TASK GOAL :: Transcribe the entries below exactly, starting with the line that has "증평군 농업기술센터(소장 김동구)는" and stopping after the line that has "インド料理サガーで8月末迄"; no pictures belong in the copy.

LISTED RECORDS ::
****************************************

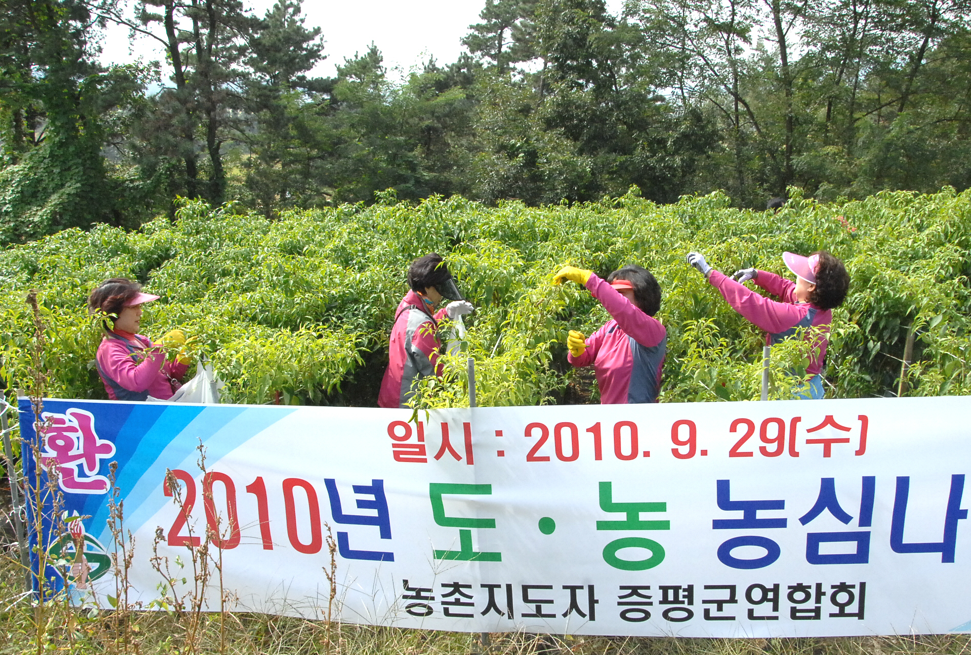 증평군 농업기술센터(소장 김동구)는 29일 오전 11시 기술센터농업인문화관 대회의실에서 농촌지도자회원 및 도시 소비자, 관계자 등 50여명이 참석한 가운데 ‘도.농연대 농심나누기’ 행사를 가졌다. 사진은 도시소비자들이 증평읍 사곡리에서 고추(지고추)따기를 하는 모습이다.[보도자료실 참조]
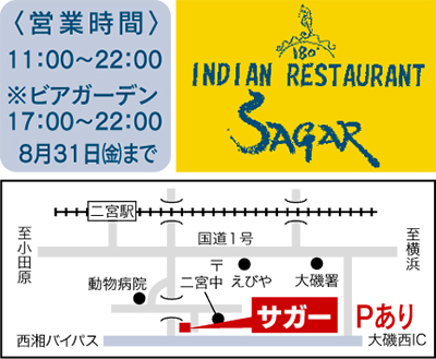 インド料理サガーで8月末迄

****************************************

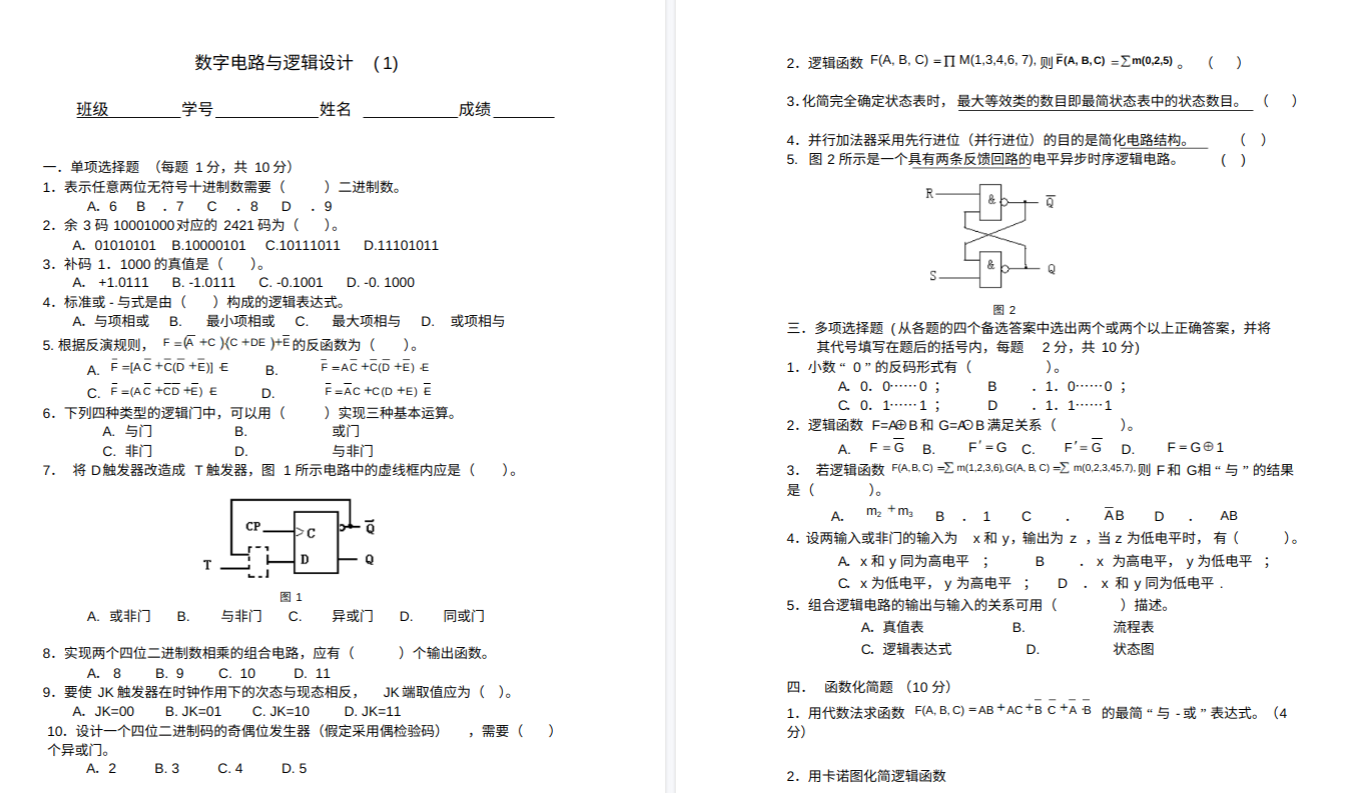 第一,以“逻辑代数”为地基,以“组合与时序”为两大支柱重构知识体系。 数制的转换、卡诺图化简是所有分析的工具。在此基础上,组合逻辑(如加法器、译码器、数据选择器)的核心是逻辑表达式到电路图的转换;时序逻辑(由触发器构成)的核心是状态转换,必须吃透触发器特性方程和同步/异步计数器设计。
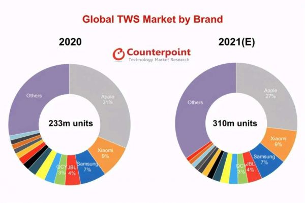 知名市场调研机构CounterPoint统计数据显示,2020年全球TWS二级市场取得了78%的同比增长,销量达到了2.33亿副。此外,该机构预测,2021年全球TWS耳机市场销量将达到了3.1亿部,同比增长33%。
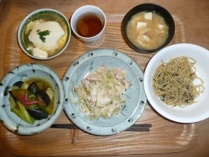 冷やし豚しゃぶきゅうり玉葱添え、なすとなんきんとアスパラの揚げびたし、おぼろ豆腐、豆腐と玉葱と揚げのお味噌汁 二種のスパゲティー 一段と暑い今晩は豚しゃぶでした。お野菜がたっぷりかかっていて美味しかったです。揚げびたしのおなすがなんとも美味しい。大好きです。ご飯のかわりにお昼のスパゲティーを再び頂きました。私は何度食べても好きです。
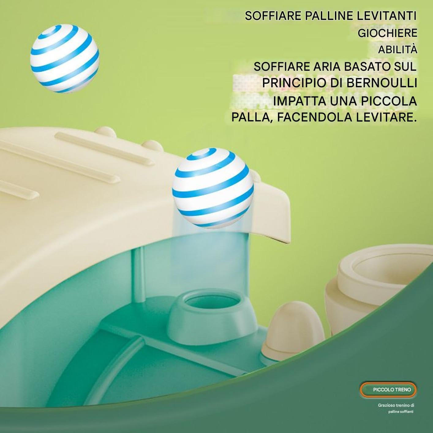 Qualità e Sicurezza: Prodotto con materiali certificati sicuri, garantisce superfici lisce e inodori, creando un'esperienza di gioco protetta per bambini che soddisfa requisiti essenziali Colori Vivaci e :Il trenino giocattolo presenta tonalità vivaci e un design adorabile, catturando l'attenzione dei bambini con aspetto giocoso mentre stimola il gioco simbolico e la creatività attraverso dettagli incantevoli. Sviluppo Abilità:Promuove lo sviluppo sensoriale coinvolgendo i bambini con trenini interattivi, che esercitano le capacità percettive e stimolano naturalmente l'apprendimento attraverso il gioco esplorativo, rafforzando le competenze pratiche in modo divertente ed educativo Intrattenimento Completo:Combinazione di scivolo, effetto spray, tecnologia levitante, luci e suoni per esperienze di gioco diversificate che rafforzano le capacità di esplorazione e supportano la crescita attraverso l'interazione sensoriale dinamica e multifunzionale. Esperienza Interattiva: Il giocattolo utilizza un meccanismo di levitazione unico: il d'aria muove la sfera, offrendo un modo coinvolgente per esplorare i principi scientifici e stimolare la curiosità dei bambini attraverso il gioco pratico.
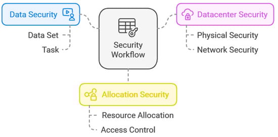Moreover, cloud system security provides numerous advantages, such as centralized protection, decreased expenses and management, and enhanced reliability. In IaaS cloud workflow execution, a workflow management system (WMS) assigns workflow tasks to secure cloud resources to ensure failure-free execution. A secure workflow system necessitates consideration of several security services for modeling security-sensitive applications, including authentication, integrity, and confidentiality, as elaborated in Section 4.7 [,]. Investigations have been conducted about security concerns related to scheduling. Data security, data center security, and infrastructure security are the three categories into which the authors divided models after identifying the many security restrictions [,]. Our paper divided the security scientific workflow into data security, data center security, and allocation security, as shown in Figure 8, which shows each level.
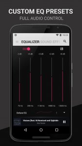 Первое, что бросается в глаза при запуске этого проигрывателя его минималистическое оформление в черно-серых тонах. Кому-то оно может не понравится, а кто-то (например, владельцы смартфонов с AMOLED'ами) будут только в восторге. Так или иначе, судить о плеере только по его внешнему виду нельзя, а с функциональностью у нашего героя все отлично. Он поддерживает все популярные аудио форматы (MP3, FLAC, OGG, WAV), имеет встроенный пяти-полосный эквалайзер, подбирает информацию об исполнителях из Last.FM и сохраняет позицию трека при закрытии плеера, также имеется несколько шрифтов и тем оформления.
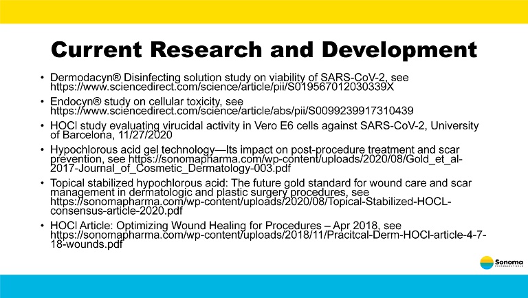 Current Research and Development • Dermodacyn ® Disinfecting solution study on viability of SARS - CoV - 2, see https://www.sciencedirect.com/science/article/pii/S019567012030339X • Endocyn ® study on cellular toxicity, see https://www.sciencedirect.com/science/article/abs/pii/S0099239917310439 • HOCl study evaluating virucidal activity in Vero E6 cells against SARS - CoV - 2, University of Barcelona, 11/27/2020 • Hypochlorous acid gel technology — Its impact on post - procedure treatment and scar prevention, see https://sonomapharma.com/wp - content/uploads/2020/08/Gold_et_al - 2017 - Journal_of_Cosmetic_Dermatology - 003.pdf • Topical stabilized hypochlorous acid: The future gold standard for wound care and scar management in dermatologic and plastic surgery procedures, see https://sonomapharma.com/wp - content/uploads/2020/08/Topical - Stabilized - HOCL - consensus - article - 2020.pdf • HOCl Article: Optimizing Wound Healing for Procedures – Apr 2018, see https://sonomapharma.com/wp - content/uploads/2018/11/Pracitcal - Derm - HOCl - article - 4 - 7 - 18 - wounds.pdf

****************************************

RESPONSE TO THE EXERCISE ::
 증평군 농업기술센터(소장 김동구)는 29일 오전 11시 기술센터농업인문화관 대회의실에서 농촌지도자회원 및 도시 소비자, 관계자 등 50여명이 참석한 가운데 ‘도.농연대 농심나누기’ 행사를 가졌다. 사진은 도시소비자들이 증평읍 사곡리에서 고추(지고추)따기를 하는 모습이다.[보도자료실 참조]
 インド料理サガーで8月末迄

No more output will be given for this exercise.